■ **Exercise goal**
Beginning with the line of the entries below that holds "Hosting kontrol panelinize" and ending with the line that holds "Elevate your style", transcribe each line exactly as written. Pictures stay out.

[Material provided — start]

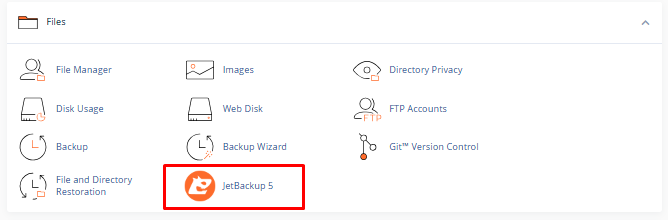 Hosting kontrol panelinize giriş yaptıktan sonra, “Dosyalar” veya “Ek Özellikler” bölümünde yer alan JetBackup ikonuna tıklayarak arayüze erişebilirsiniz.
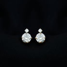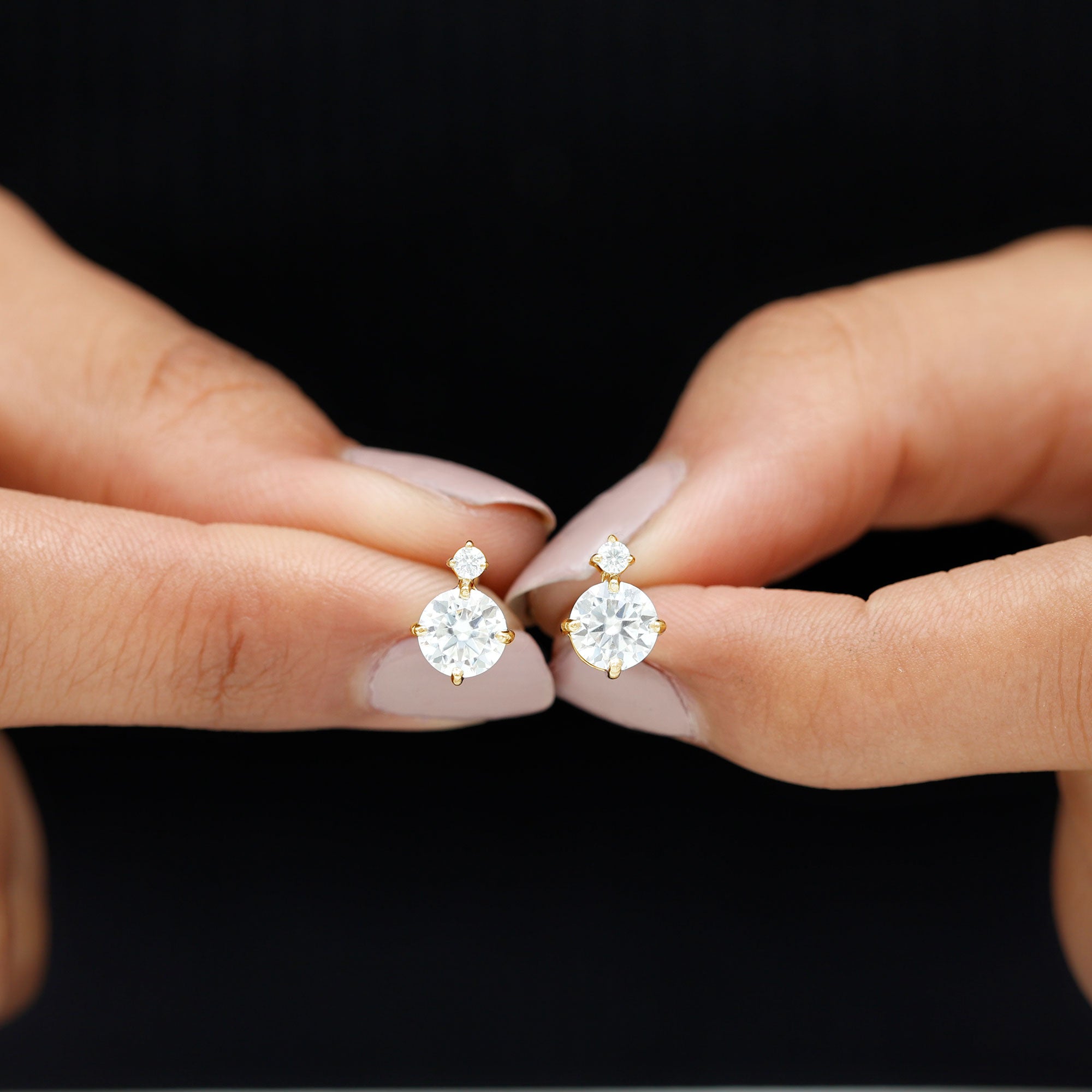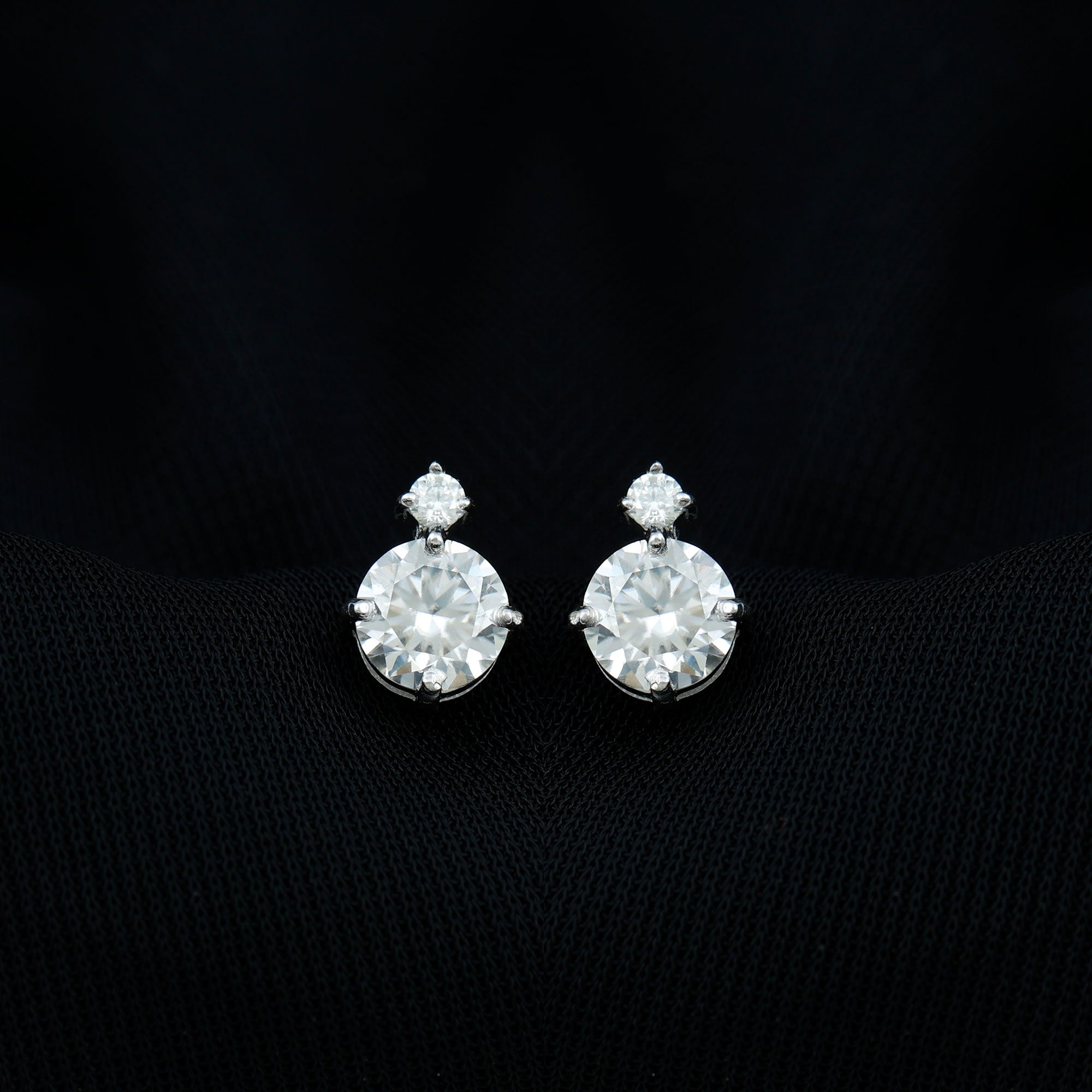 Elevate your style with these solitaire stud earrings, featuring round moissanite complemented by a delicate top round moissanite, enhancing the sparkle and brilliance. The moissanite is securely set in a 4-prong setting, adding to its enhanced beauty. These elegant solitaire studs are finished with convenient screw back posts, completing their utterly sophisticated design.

[Material provided — finish]
[Material provided — start]

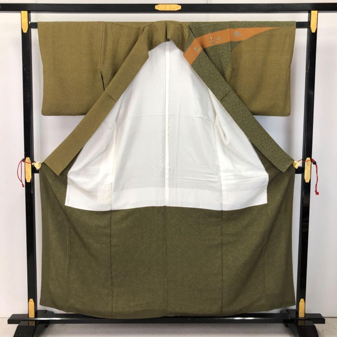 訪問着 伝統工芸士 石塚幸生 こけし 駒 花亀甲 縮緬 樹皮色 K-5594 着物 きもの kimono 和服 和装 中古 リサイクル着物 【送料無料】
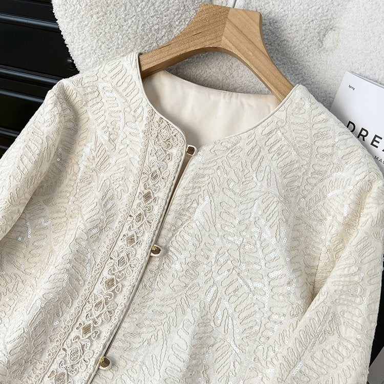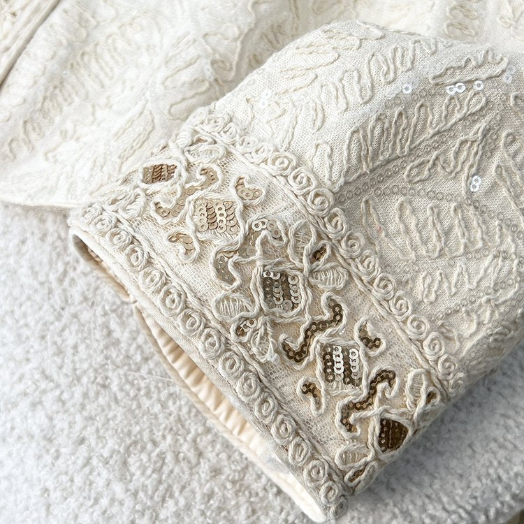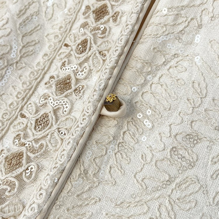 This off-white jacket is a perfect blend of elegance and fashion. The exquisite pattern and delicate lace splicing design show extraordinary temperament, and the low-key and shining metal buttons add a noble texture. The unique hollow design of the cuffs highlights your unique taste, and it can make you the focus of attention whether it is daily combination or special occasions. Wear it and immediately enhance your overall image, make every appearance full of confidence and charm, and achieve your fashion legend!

[Material provided — finish]
[Material provided — start]

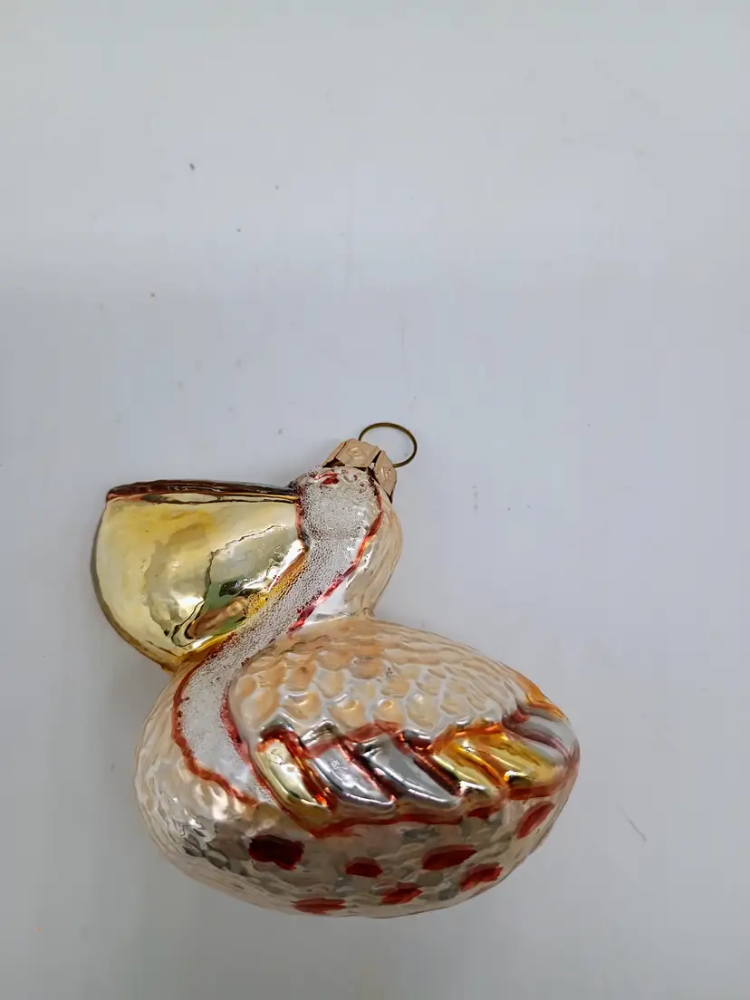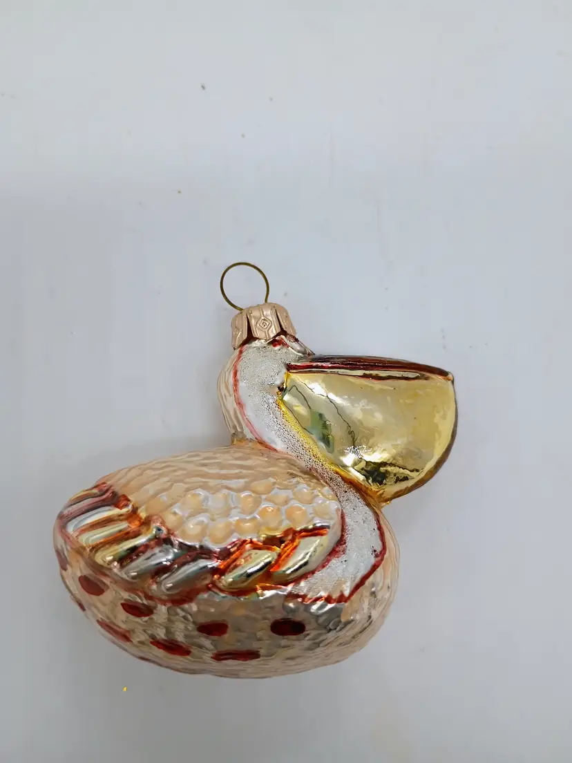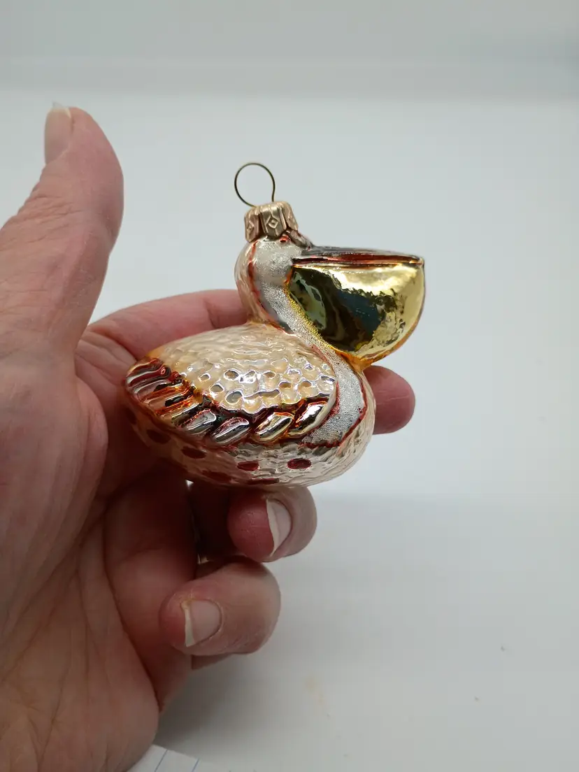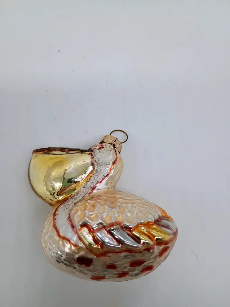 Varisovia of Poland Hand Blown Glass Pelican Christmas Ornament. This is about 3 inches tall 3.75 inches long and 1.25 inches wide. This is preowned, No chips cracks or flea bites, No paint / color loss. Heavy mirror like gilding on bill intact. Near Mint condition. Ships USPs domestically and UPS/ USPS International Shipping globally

[Material provided — finish]

■ **Problem solution**
 Hosting kontrol panelinize giriş yaptıktan sonra, “Dosyalar” veya “Ek Özellikler” bölümünde yer alan JetBackup ikonuna tıklayarak arayüze erişebilirsiniz.
 Elevate your style with these solitaire stud earrings, featuring round moissanite complemented by a delicate top round moissanite, enhancing the sparkle and brilliance. The moissanite is securely set in a 4-prong setting, adding to its enhanced beauty. These elegant solitaire studs are finished with convenient screw back posts, completing their utterly sophisticated design.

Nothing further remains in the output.